Dios mío esta reseña me está quedando eterna y aún tengo que hablar de una de mis cosas favoritas. El maldito audiolibro. Vale, estoy siendo muy pesado con esto y probablemente sea mi momento fanboy absoluto, pero es que está narrado por Whil fcking Wheaton. En serio. Y eso que en un momento de la novela se menciona a si mismo porque aparece como una referencia in text. Lo hace ridículamente bien. No sé si ha narrado algo más, pero en el momento en el que Acererak susurró su primera línea yo ya estaba vendidísimo. Se me pusieron los pelos de gallina y tuve que retroceder 30 segundos solo para volver a escucharlo. Es posible que la quinta estrella y un tercio de los paseos que le dí al libro vinieron gracias a la versión en audio. Así que si no los soportáis o no queréis escucharlo en inglés por el motivo que sea puede, puede, que le tengáis que bajar un nivel en la puntuación.

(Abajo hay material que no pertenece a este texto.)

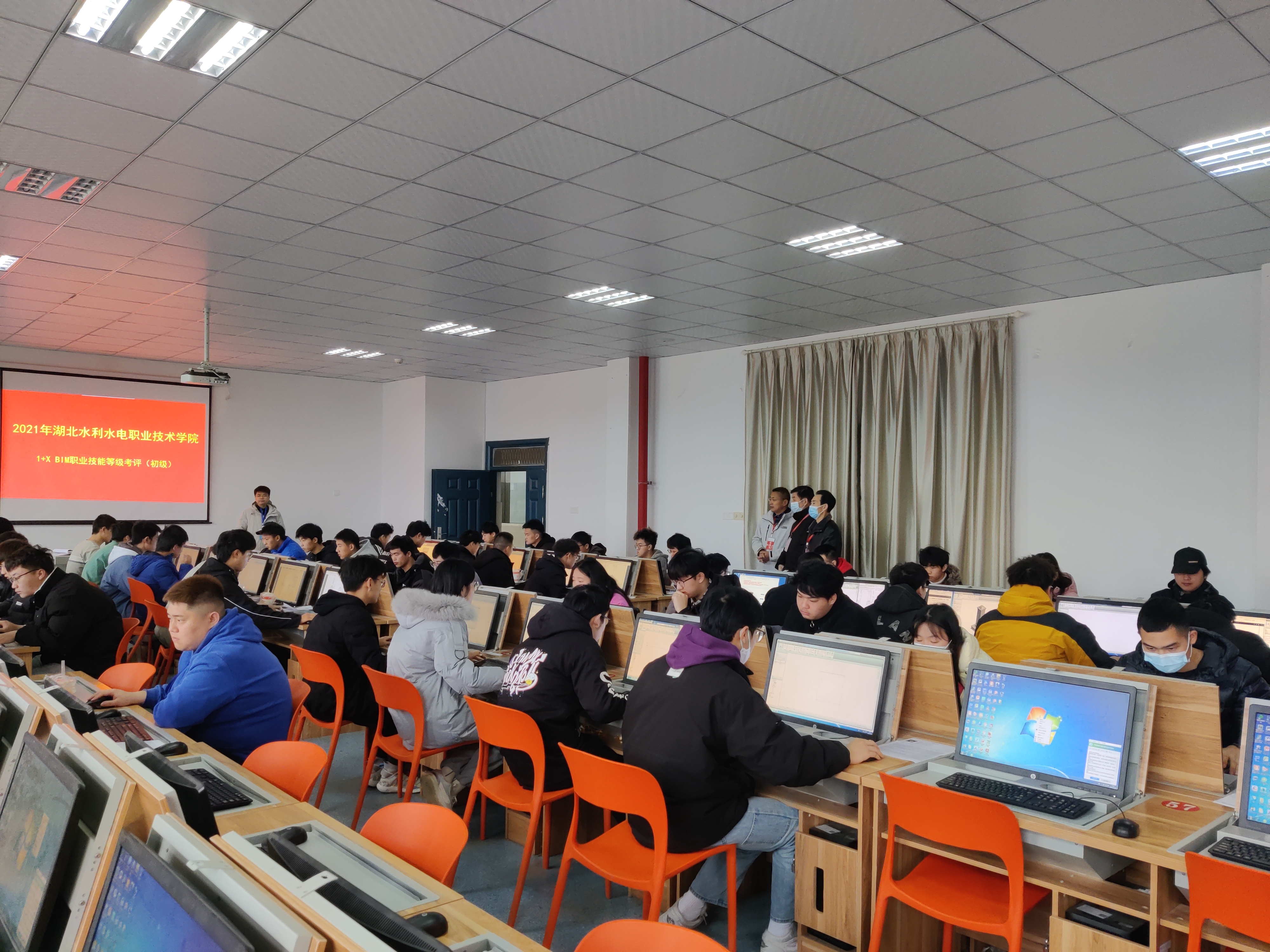 (朱菁 罗中)12月25日,2021年“1+X”BIM职业技能等级考试在我院考点开考。此次考试由学院负责组织和实施,省建协负责主考和技术支持,考试采用机考形式进行,历时三个小时,考场实行全程录像监控,考生全程人脸识别,考试结果由系统平台自动打分,公平公开公正。省建筑业协会领导专程来到我院考点现场进行考试巡视。

Pero aún con todo es un libro genial. La película dirigida por Steven Spielberg se estrena el 30 de Marzo de 2018 (iba a salir en Navidades pero no querían competir con Star Wars VIII y la han movido unos meses...), y yo voy a ir a verla al estreno. Solo puedo esperar que Ernest Cline nos vuelva a sacar alguna otra novela más parecida a esta y menos a Armada.

Hasta entonces me quedo un rato pululando por internet. Al fin y al cabo, salir al exterior está altamente sobrevalorado.